BEA data show that over half of the U.S. manufacturing GDP is consumed domestically, according to Hatzius. The current U.S. economic growth remains well above the 2.6% average pace of this expansion, suggesting that manufacturers might not be struggling as much as some have worried. In fact, U.S. production might even rise in some industries to offset the reduced imports from other countries, writes Hatzius.
Beyond all, we can still set hopes on seasonality. Although October has historically been a tough month, for the past 70 years, the S&P 500 tends to see a bounceback during the last few days of the month, according to Ryan Detrick from LPL Financial.
Let’s hope that’s true this time.
Twitter (TWTR) flew to the top of the S&P 500 Thursday, helped by its third-quarter earnings report.
Twitter gained $4.26, or 15.5%, to $31.80.
The social-networking site said it earned 21 cents a share on revenue of $758 million, while analysts were looking for earnings of 14 cents on revenue of $700.75 million.
Analysts were largely pleased with the results.
Year to date, Twitter is up 32.4%.
Align Technology (ALGN) plummeted to the bottom of the index following its third-quarter earnings.
Align fell $58.76, or 20.2%, to $232.07.
The maker of invisible braces said it earned $1.24 a share on revenue of $505.3 million. Analysts were looking for earnings of $1.19 on revenue of $503.14 million.
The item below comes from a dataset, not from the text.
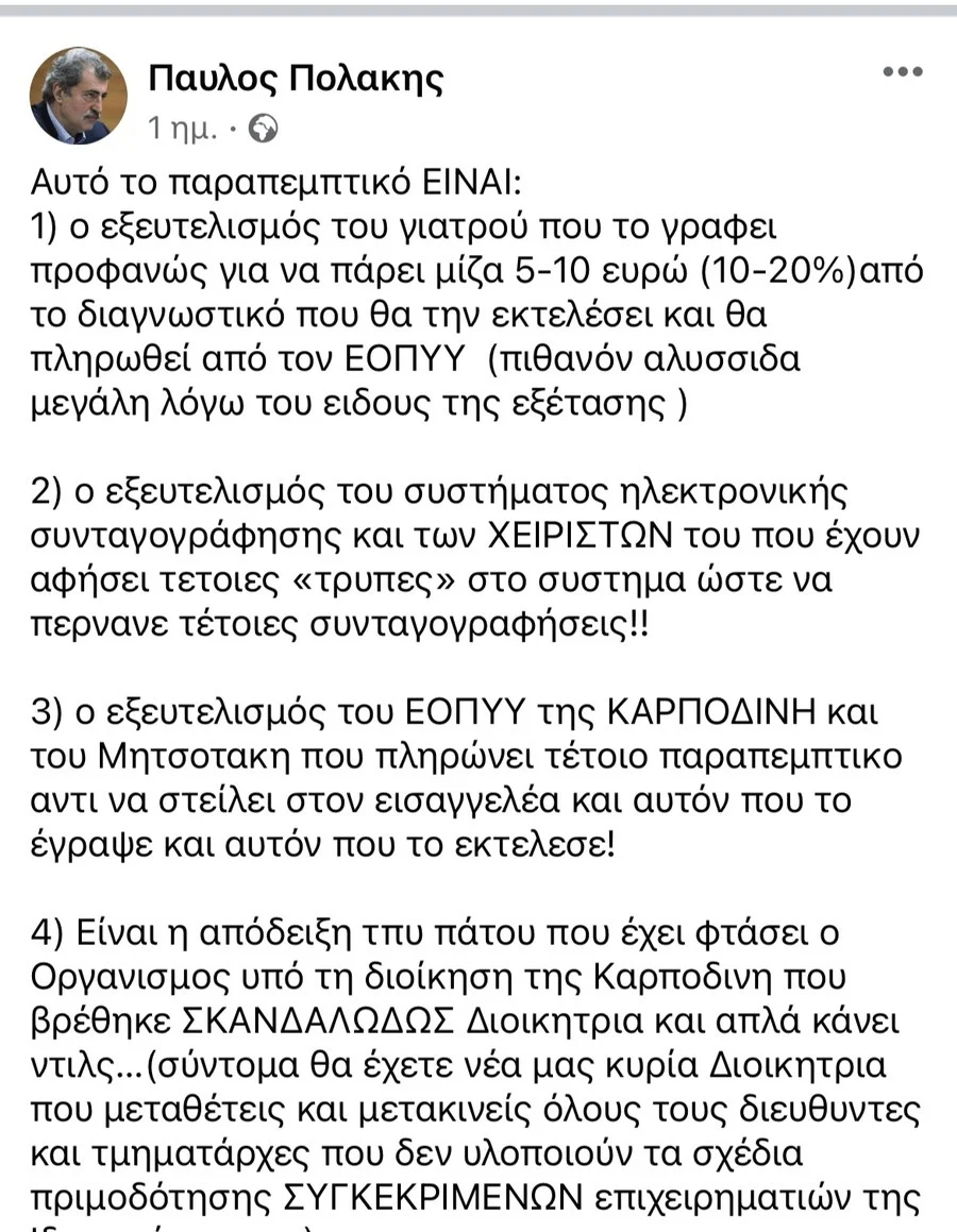 Να θυμίσουμε ότι ο Πολάκης στην ανάρτησή του στο facebook, που παρατίθεται παρακάτω, ασκεί δριμεία κριτική στον ΕΟΠΥΥ και τη διοικήτριά του, στην ΗΔΙΚΑ, στο γιατρό που έγραψε το συγκεκριμένο παραπεμπτικό, αλλά κι εν γένει στις πολιτικές των κυβερνήσεων Μητσοτάκη.

For the fourth quarter, it expects to earn between $1.10 and $1.15 a share, compared with the $1.32 consensus estimate.
Barclay’s Steve Valiquette reiterated an Overweight rating and $335 price target on the stock, writing that a marketing plan caused a “temporary blip” in average selling prices, and that management reiterated that any discounting wasn’t in response to a competitive market. “Nonetheless, the timing of the mis-calibration isn’t great, as it is occurring when a couple of new competitors are entering the North American market.”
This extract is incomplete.